- Also known as: SWS
- Origin: Sydney, New South Wales, Australia
- Genres: Australian hip-hop
- Years active: 1992–2003
- Past members: Munkimuk Brothablack Nasri Basal (Big Naz) Darren Stacey (Dax) Les Daniel Nadeena Dixon Terrance Murphy Kider Ebony Williams Mohammed Abdullah Danielle Tuwai Phillip Pelia Safwan Barbour Fadi Chami

= South West Syndicate =

South West Syndicate were an Australian hip-hop collective from Sydney formed in 1992. They are made up of Aboriginal, Lebanese-Australian, Pacific Islander, Croatian, German and Anglo hip hop artists. Core members include Munkimuk, Brothablack, Nasri Basal (Big Naz), Darren Stacey (Dax) with additional members Nadeena Dixon, Terrance Murphy, Kider, Ebony Williams, Danielle Tuwai, Mohammed Abdullah, Phil Pelia, Safwan Barbour and Fadi Chami.

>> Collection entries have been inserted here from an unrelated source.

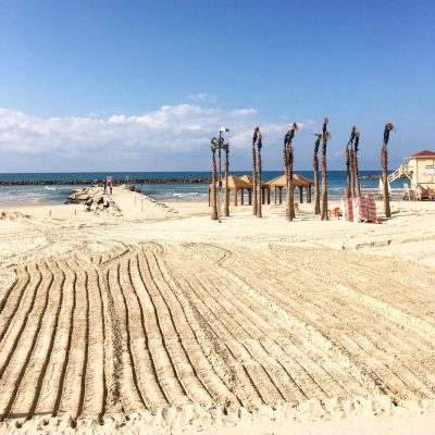 Am kommenden Morgen wurde so halbwegs ausgeschlafen und bei erneut strahlender Sonne gab es noch ein kleines Hummus-Frühstück am Strand. Kurz nach 9 Uhr machten wir uns auf den Weg Richtung Bahnhof und wollten die 3 km eigentlich mit zwei Taxis absolvieren. Doch in der Allenby Street witterte der Fahrer eines Sheruts anhand des Gepäcks unser Ziel, hielt an und brachte uns für je 6 Shekel zum Bahnhof. Gegen 10 Uhr waren wir am Flughafen und hatten die gewünschten drei Stunden Zeitfenster bis zum Abflug. Letztes Jahr hatten alle Kontrollen und Befragungen zusammen 2,5 Stunden gedauert und wir wollten nicht spekulieren, dass es beim zweiten Mal automatisch fixer geht.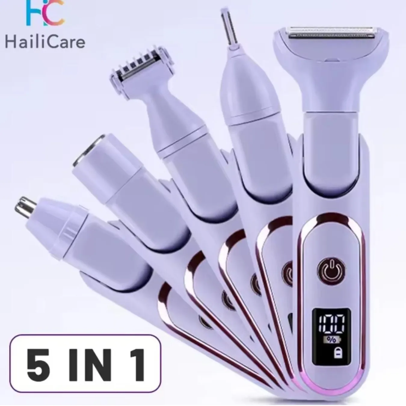 La HailiCare 5 en 1 es una herramienta de belleza avanzada diseñada para ofrecerte un depilado suave, rápido y completamente indoloro. Su diseño moderno incluye pantalla digital, bloqueo de seguridad y 5 cabezales especializados que cubren todas tus necesidades de cuidado personal.
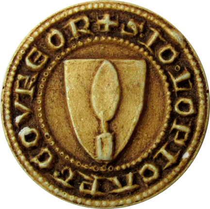 : au centre d'un écu français entouré successivement d'un cercle perlé, d'une légende en lettres gothiques, puis d'un autre cercle de perlé L'écu a pour meuble une truelle de face ou une pointe de lance. La légende est la suivante : * S.IO.LOPICART.COVREOR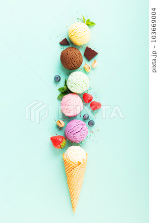 Big colorful set different tastes natural dessert ice cream of consisting various ingredients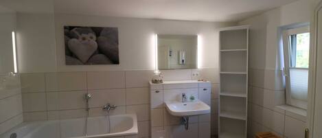 L'appartement est situïżœïżœïżœïżœïżœïżœïżœïżœ au 1. Ătage, et est d'environ 50 mĂštres carrĂ©s. Vous avez une chambre Ă coucher, une salle de bains avec douche et WC et une salle de sĂ©jour spacieuse avec salle Ă manger disponibles. Le salon dispose d'un confortable canapĂ©-lit double pour les 3e et 4e Personne Ă©quipĂ©e. Une tĂ©lĂ©vision par satellite et un systĂšme stĂ©rĂ©o sont Ă©galement fournis. La cuisine est entiĂšrement Ă©quipĂ©e avec lave-vaisselle et four. Pour nos jeunes hĂŽtes, nous avons fourni gratuitement un lit et une chaise haute. L'appartement est situĂ© au sud-ouest et a un porche intĂ©rieur avec des meubles de patio. L'appartement est carrelĂ©, la chambre est recouvert de moquette. Le centre-ville et la boulangerie est Ă environ 500m. Un grand handcart pour vos bagages et achats partie de l'appartement. L'appartement est un appartement non fumeur.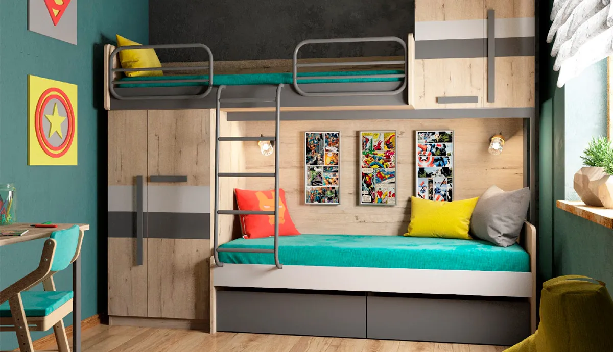 Подростковая кровать-чердак сочетает в себе спальное место наверху и свободное пространство внизу. Подкроватную зону можно оставить как место для отдыха, разместив там кресло-грушу или же оформить как учебный уголок. Некоторые чердаки дополняются шкафом под одежду.
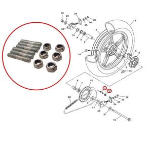 - O Kit 6 Parafusos Prisioneiro da Coroa Com Porca é um conjunto de peças que serve para fixar a coroa da moto.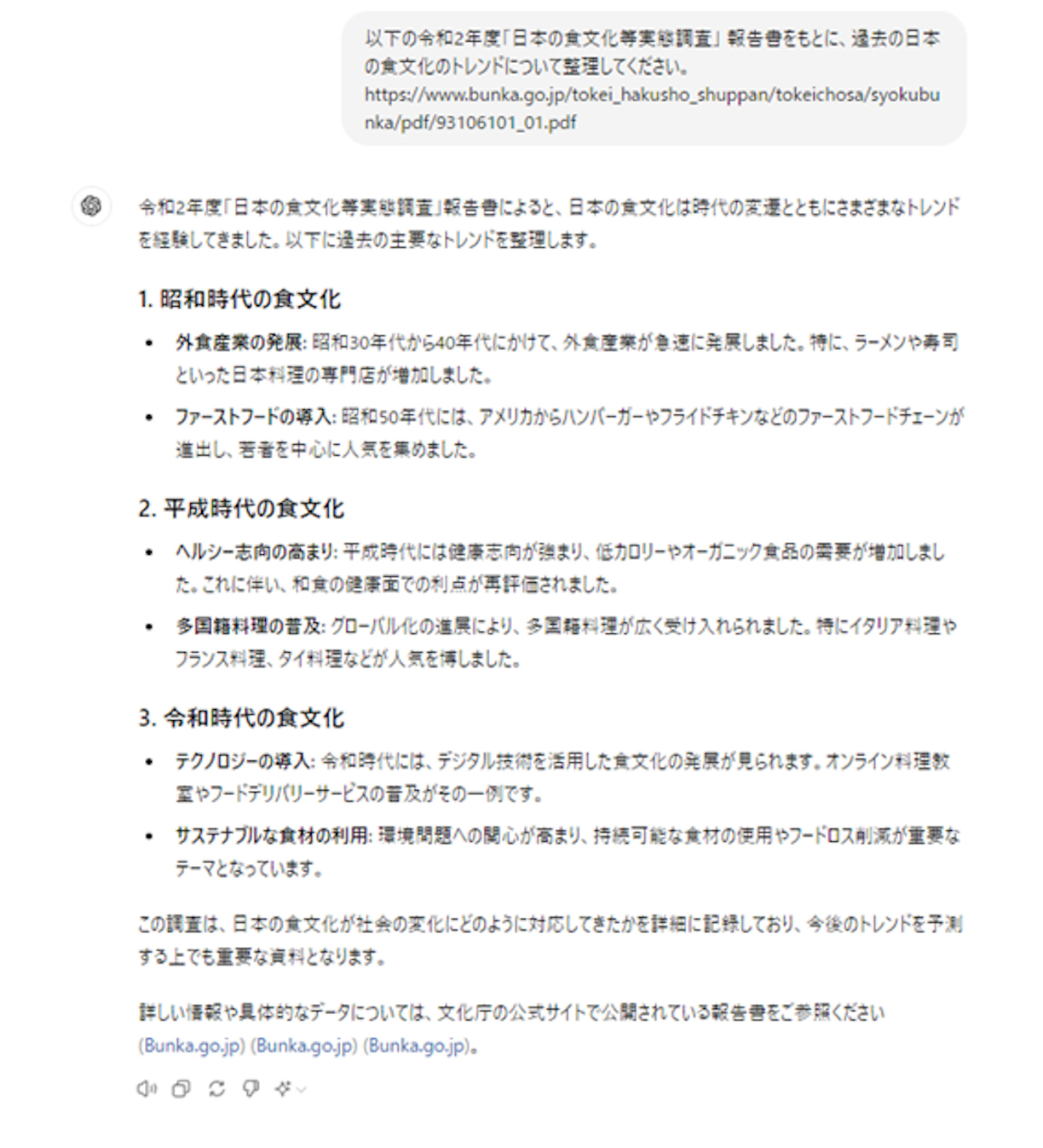 また、チャットにURLを記載すれば、そのウェブサイトの情報を要約することもできます。クライアントの企業や製品をサマリーしてほしいときに威力を発揮してくれます。データの考察と分析はとくに手間がかかる作業なので、時間を大幅に節約できます。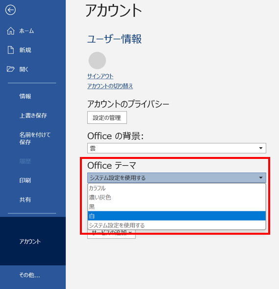 | システム連動を解除する | ファイル→アカウント→Officeテーマ→「白」または「カラフル」 | Windowsの設定に関わらずOfficeのみ明るくなる |

South West Syndicate won a Deadly in 2003 for Most Promising New Talent in Music.

South West Syndicate have played at many events including Hip Hopera 1995, Survival, Sydney Writers' Festival, NAIDOC Week, Arafura Games, Bankstown Festival, Bankstown Carnivale, Newtown Festival, Rock Against Racism, Asia-Pacific Conference, Youth Week, Corroboree 2000, Mascon Festival, Barunga Festival and Pacific Wave Festival.